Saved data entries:

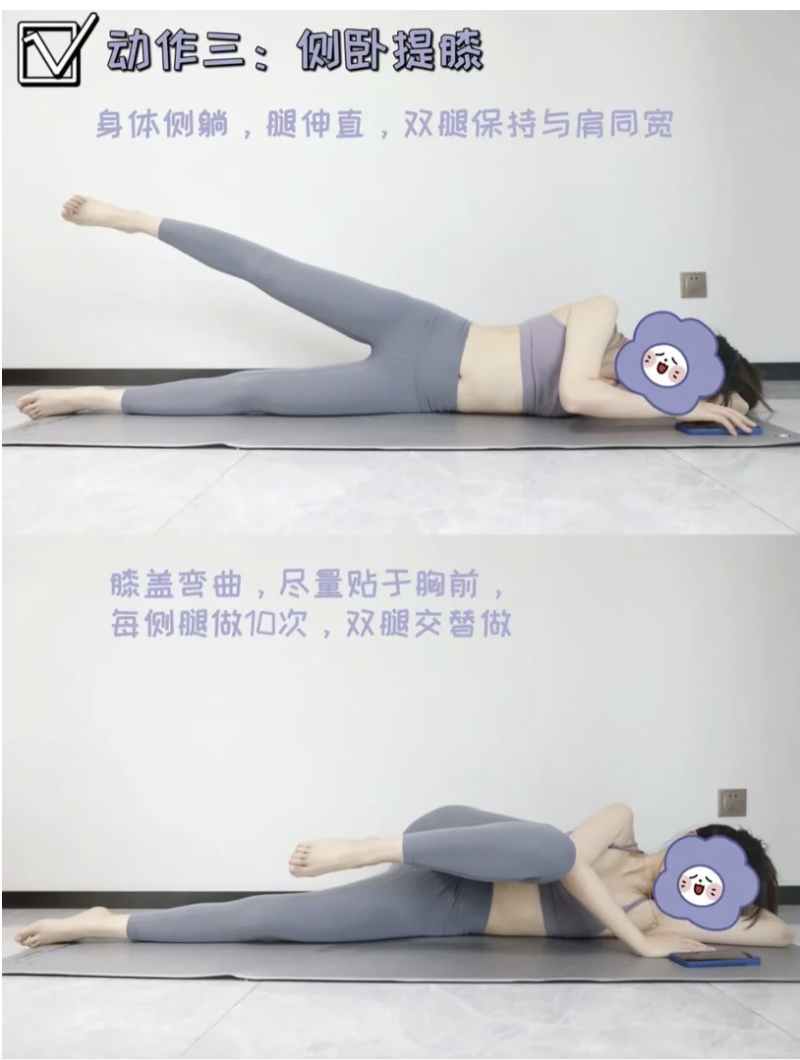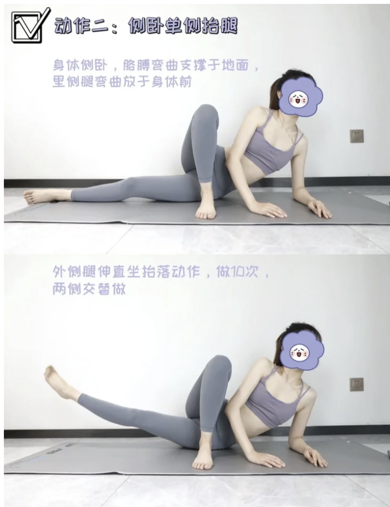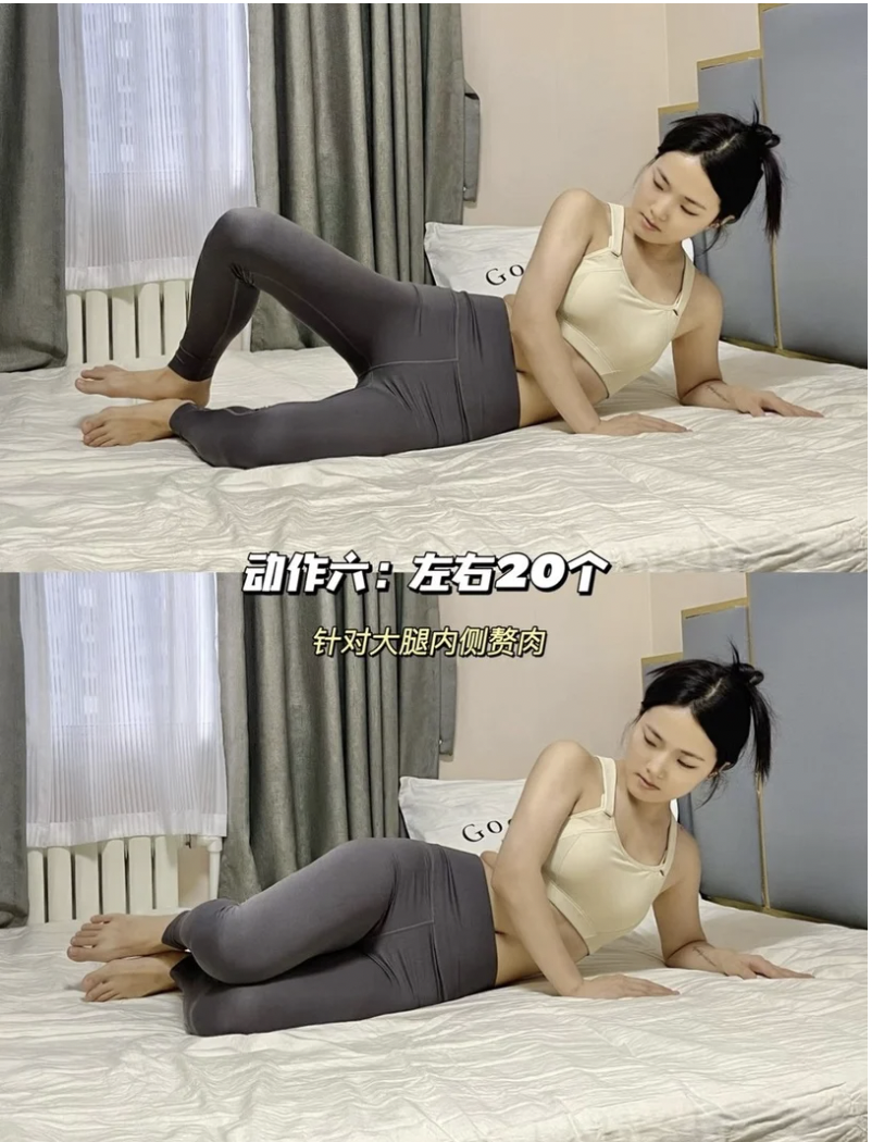 這個動作能有效緊實大腿根部內側。每組做10下,做3-4組。雙腿交替進行~
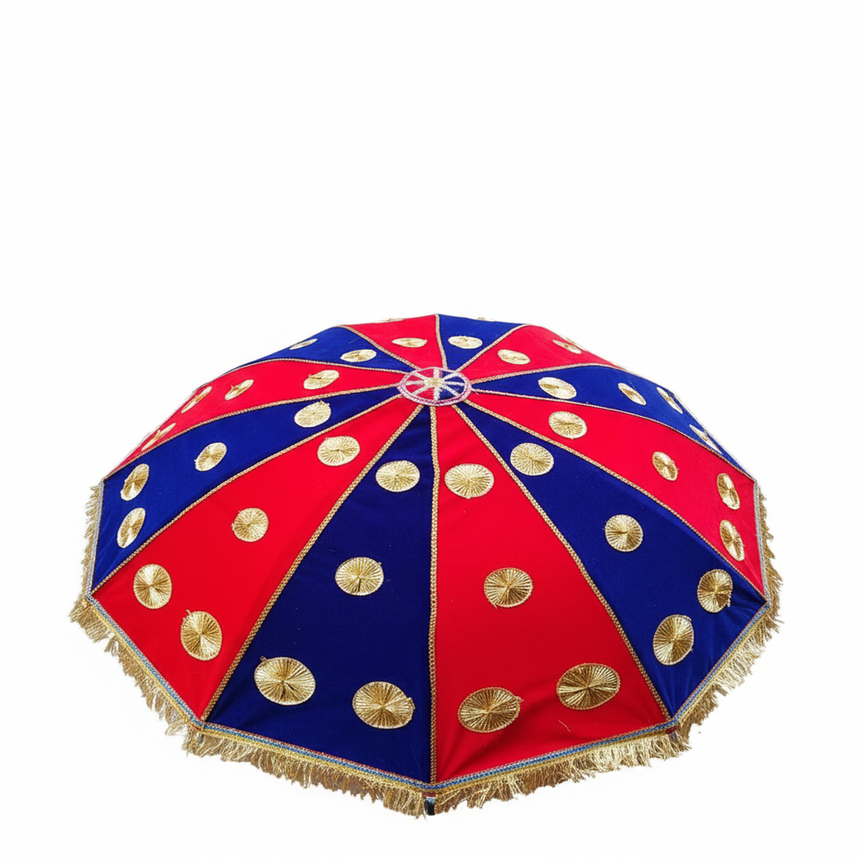 ร่มโบฮีเมียนอินเดียทำมือ ปักลายเต็มผืน จากผ้าส่าหรีเก่า ดีไซน์ชนเผ่าแบบดั้งเดิม
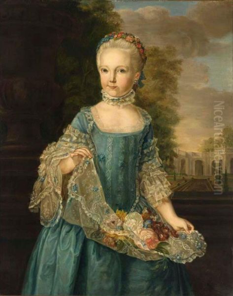 A Portrait Of Adriana Petronella Gravin Van Nassau Woudenberg (1757-1789), Aged 8, Standing Three-quarter Length, Wearing A Blue Dress With White Lace Cuffs, Holding Flowers In Her Apron, In A Landscape
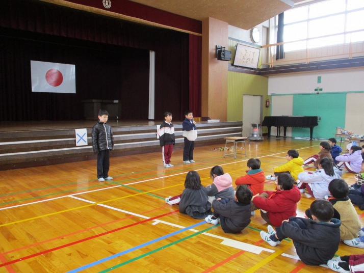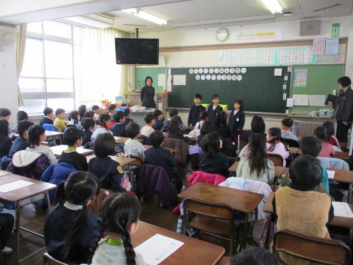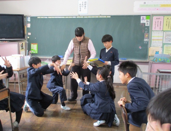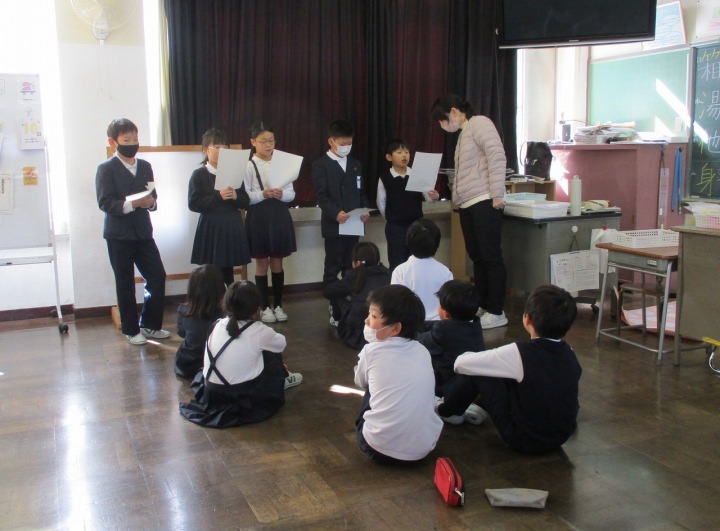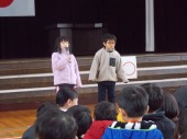 | 2月9日(月) 祝う会の準備進んでいます。 19日に行われる「卒業を祝う会」に向けて各学年は準備を進めています。4年生は、第1部にて6年生の紹介をするため、あらかじめ6年生にインタビューをしたところですが、今日は当日どのように紹介をするのか、台詞や動きを確認し合っていました。 一方6年生は、出し物の役割分担をしていました。リハーサルは、木曜日に行われます。 |
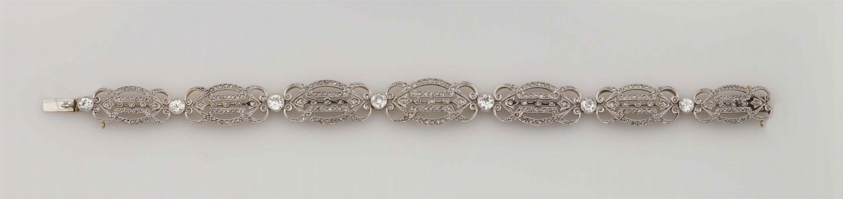 Old-cut diamond, gold and silver bracelet. Musy, Torino
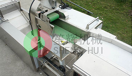 變頻調速切菜機與上層輸送帶無縫對接,按烹飪規格對物料進行切割。
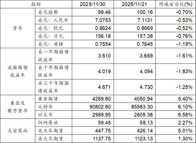 11月21日至11月30日,美元指數下跌0.70%,美元兌人民幣匯率下跌0.53%。美國一年期、十年期及三十年期國債收益率均下跌。黃金期貨價格上漲5.40%。比特幣上漲6.10%。以太幣上漲6.58%。大宗商品中紐約原油、玉米期貨及大豆期貨價格均呈現上漲態勢。
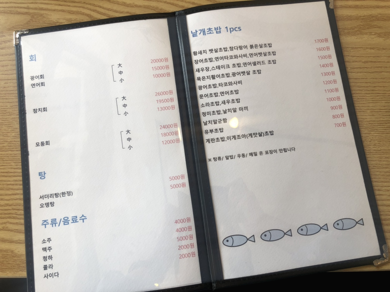 초밥의 길 메뉴는 요로코롬 있습니당.
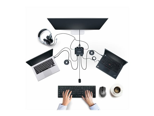 StarTech.com 2-Port USB-C Cable KVM Switch, 4K 60Hz DisplayPort Output, Compact KVM with 4ft/1.2m USB Type-C/Audio Integrated Cables, Bus Powered - Remote Push-Button/Hotkey Switching (C2-D46-UC2-CBL-KVM) - KVM / audio-switch - kompakt - 2 x KVM / audio - 1 lokalbruger - desktop
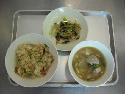 主な食材の産地 米(広島)鳥もも肉(岩手)とびうおすり身(東京)油揚げ(カナダ)糸こんにゃく(群馬)干しいたけ(宮崎)にんじん(千葉)さやいんげん(千葉)しょうが(高知)ねぎ(茨城)ごぼう(青森)だいこん(千葉)さといも(埼玉)白菜(茨城)もやし(栃木)こまつな(埼玉)
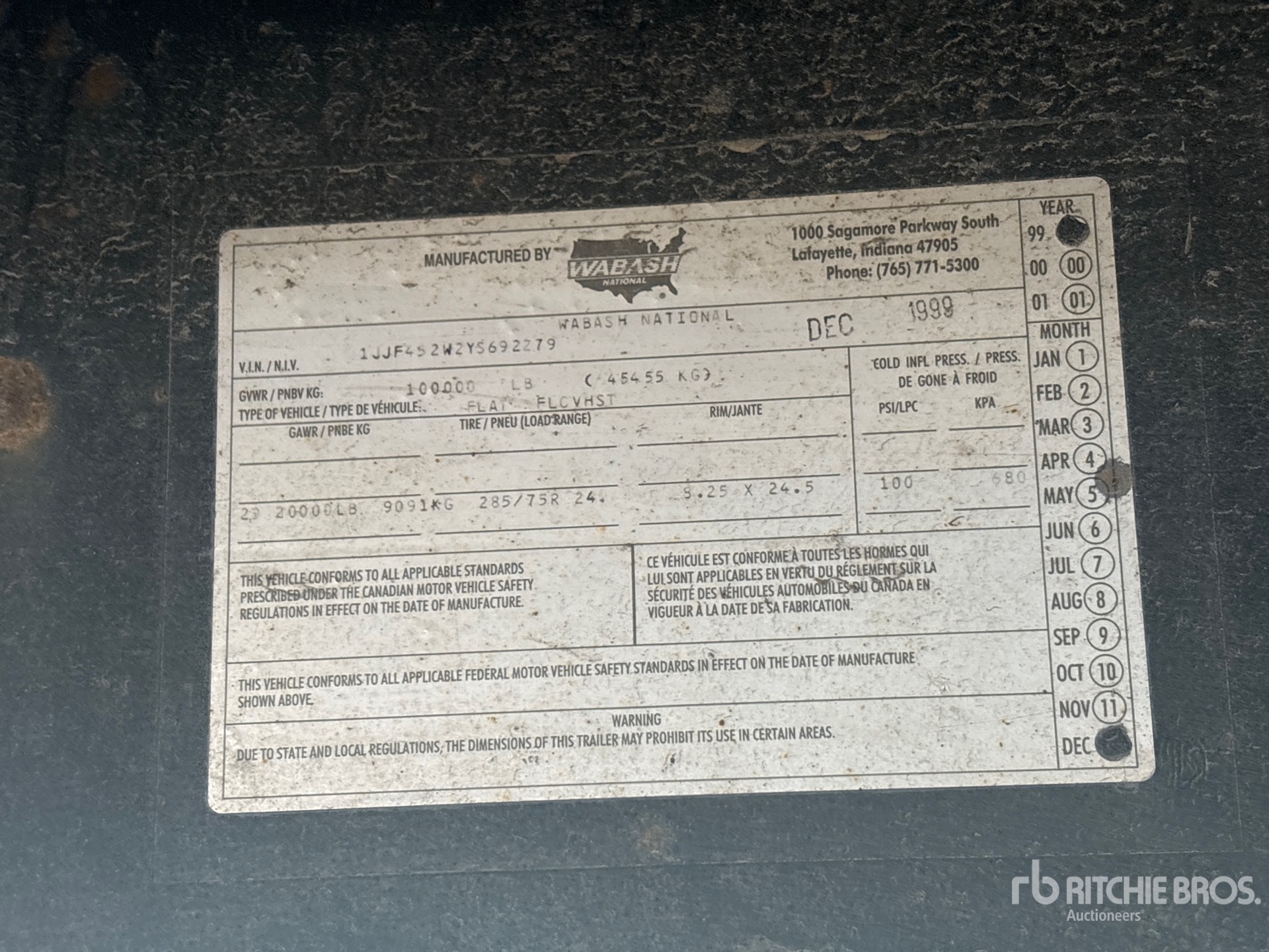 Spring Suspension, 92 in Deck Width, Bulkhead, Wood Flooring, 285/75R24.5 Tires, 100000 lb GVWR
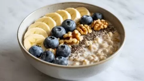 - Овсянка: Богата сложными углеводами и клетчаткой, овсянка обеспечит энергию на 3–4 часа. Добавьте ягоды и мед, чтобы сделать завтрак еще более питательным.
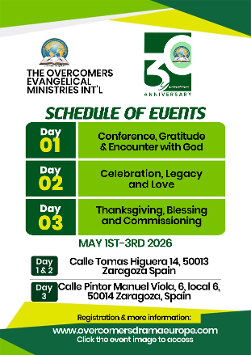 Established on May 3rd 1996, The Overcomers Evangelical Ministries has been growing by the help of God. Join us to celebrate 30 years of his help in Zaragoza Spain May1-3, 2025.
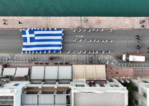 Υψώθηκε το μεσημέρι του Σαββατου, προπαραμονή της Εθνικής Επετείου της 25ης Μαρτίου, μια τεράστια ελληνική σημαία στο λιμάνι της Χίου. Η σημαία έφτ...
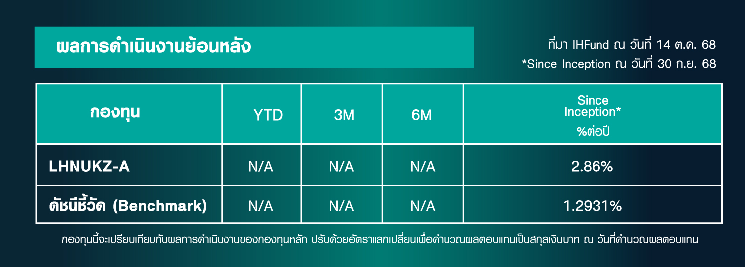 ควรจัดสรรกองทุน LHNUKZ เป็น ส่วนเสริมพอร์ต (Satellite) ในสัดส่วนที่ไม่สูงมากนัก เช่น 10-20% ของพอร์ตทั้งหมด และใช้วิธี ทยอยลงทุนอย่างสม่ำเสมอ (Dollar-Cost Averaging - DCA) เป็นรายเดือน เพื่อลดความเสี่ยงจากการเข้าลงทุนผิดจังหวะและช่วยเฉลี่ยต้นทุนในภาวะที่ตลาดมีความผันผวน

TASK BRIEF:
From the first line to the last, repeat the entries exactly and leave out the pictures.

RESPONSE BOX:
 這個動作能有效緊實大腿根部內側。每組做10下,做3-4組。雙腿交替進行~
 ร่มโบฮีเมียนอินเดียทำมือ ปักลายเต็มผืน จากผ้าส่าหรีเก่า ดีไซน์ชนเผ่าแบบดั้งเดิม
 A Portrait Of Adriana Petronella Gravin Van Nassau Woudenberg (1757-1789), Aged 8, Standing Three-quarter Length, Wearing A Blue Dress With White Lace Cuffs, Holding Flowers In Her Apron, In A Landscape
 | 2月9日(月) 祝う会の準備進んでいます。 19日に行われる「卒業を祝う会」に向けて各学年は準備を進めています。4年生は、第1部にて6年生の紹介をするため、あらかじめ6年生にインタビューをしたところですが、今日は当日どのように紹介をするのか、台詞や動きを確認し合っていました。 一方6年生は、出し物の役割分担をしていました。リハーサルは、木曜日に行われます。 |
 Old-cut diamond, gold and silver bracelet. Musy, Torino
 變頻調速切菜機與上層輸送帶無縫對接,按烹飪規格對物料進行切割。
 11月21日至11月30日,美元指數下跌0.70%,美元兌人民幣匯率下跌0.53%。美國一年期、十年期及三十年期國債收益率均下跌。黃金期貨價格上漲5.40%。比特幣上漲6.10%。以太幣上漲6.58%。大宗商品中紐約原油、玉米期貨及大豆期貨價格均呈現上漲態勢。
 초밥의 길 메뉴는 요로코롬 있습니당.
 StarTech.com 2-Port USB-C Cable KVM Switch, 4K 60Hz DisplayPort Output, Compact KVM with 4ft/1.2m USB Type-C/Audio Integrated Cables, Bus Powered - Remote Push-Button/Hotkey Switching (C2-D46-UC2-CBL-KVM) - KVM / audio-switch - kompakt - 2 x KVM / audio - 1 lokalbruger - desktop
 主な食材の産地 米(広島)鳥もも肉(岩手)とびうおすり身(東京)油揚げ(カナダ)糸こんにゃく(群馬)干しいたけ(宮崎)にんじん(千葉)さやいんげん(千葉)しょうが(高知)ねぎ(茨城)ごぼう(青森)だいこん(千葉)さといも(埼玉)白菜(茨城)もやし(栃木)こまつな(埼玉)
 Spring Suspension, 92 in Deck Width, Bulkhead, Wood Flooring, 285/75R24.5 Tires, 100000 lb GVWR
 - Овсянка: Богата сложными углеводами и клетчаткой, овсянка обеспечит энергию на 3–4 часа. Добавьте ягоды и мед, чтобы сделать завтрак еще более питательным.
 Established on May 3rd 1996, The Overcomers Evangelical Ministries has been growing by the help of God. Join us to celebrate 30 years of his help in Zaragoza Spain May1-3, 2025.
 Υψώθηκε το μεσημέρι του Σαββατου, προπαραμονή της Εθνικής Επετείου της 25ης Μαρτίου, μια τεράστια ελληνική σημαία στο λιμάνι της Χίου. Η σημαία έφτ...
 ควรจัดสรรกองทุน LHNUKZ เป็น ส่วนเสริมพอร์ต (Satellite) ในสัดส่วนที่ไม่สูงมากนัก เช่น 10-20% ของพอร์ตทั้งหมด และใช้วิธี ทยอยลงทุนอย่างสม่ำเสมอ (Dollar-Cost Averaging - DCA) เป็นรายเดือน เพื่อลดความเสี่ยงจากการเข้าลงทุนผิดจังหวะและช่วยเฉลี่ยต้นทุนในภาวะที่ตลาดมีความผันผวน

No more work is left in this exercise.